= Given information =
·····

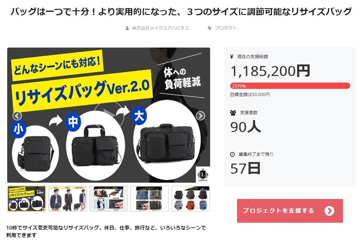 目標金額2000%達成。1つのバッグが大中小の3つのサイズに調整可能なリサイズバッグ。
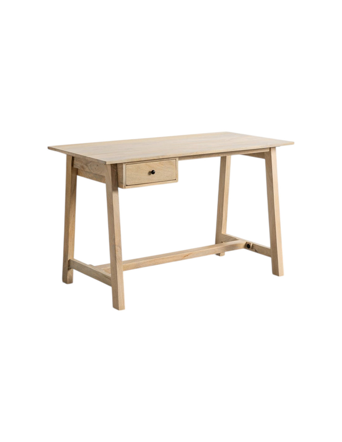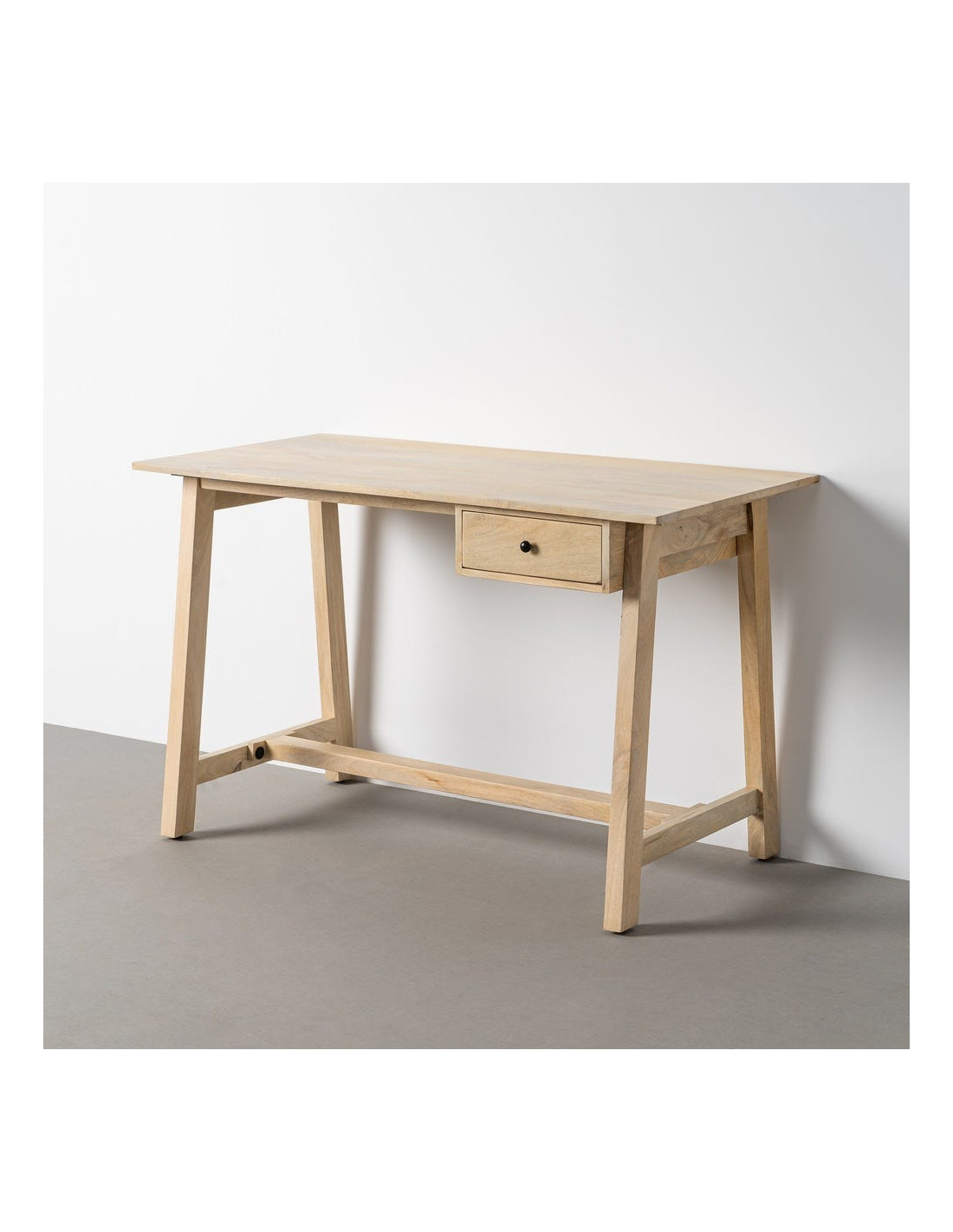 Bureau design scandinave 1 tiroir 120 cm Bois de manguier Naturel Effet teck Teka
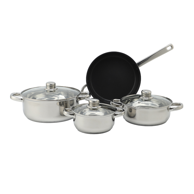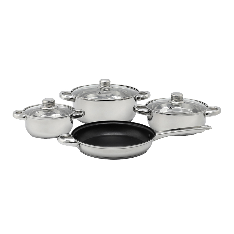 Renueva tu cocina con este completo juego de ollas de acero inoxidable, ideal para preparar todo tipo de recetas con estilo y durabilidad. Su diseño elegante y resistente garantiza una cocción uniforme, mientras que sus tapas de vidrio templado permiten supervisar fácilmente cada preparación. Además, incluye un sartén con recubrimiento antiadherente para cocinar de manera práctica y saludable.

·····

= Work request =
No picture should be included when the data are set down again exactly.

= Solution for this problem =
 目標金額2000%達成。1つのバッグが大中小の3つのサイズに調整可能なリサイズバッグ。
 Bureau design scandinave 1 tiroir 120 cm Bois de manguier Naturel Effet teck Teka
 Renueva tu cocina con este completo juego de ollas de acero inoxidable, ideal para preparar todo tipo de recetas con estilo y durabilidad. Su diseño elegante y resistente garantiza una cocción uniforme, mientras que sus tapas de vidrio templado permiten supervisar fácilmente cada preparación. Además, incluye un sartén con recubrimiento antiadherente para cocinar de manera práctica y saludable.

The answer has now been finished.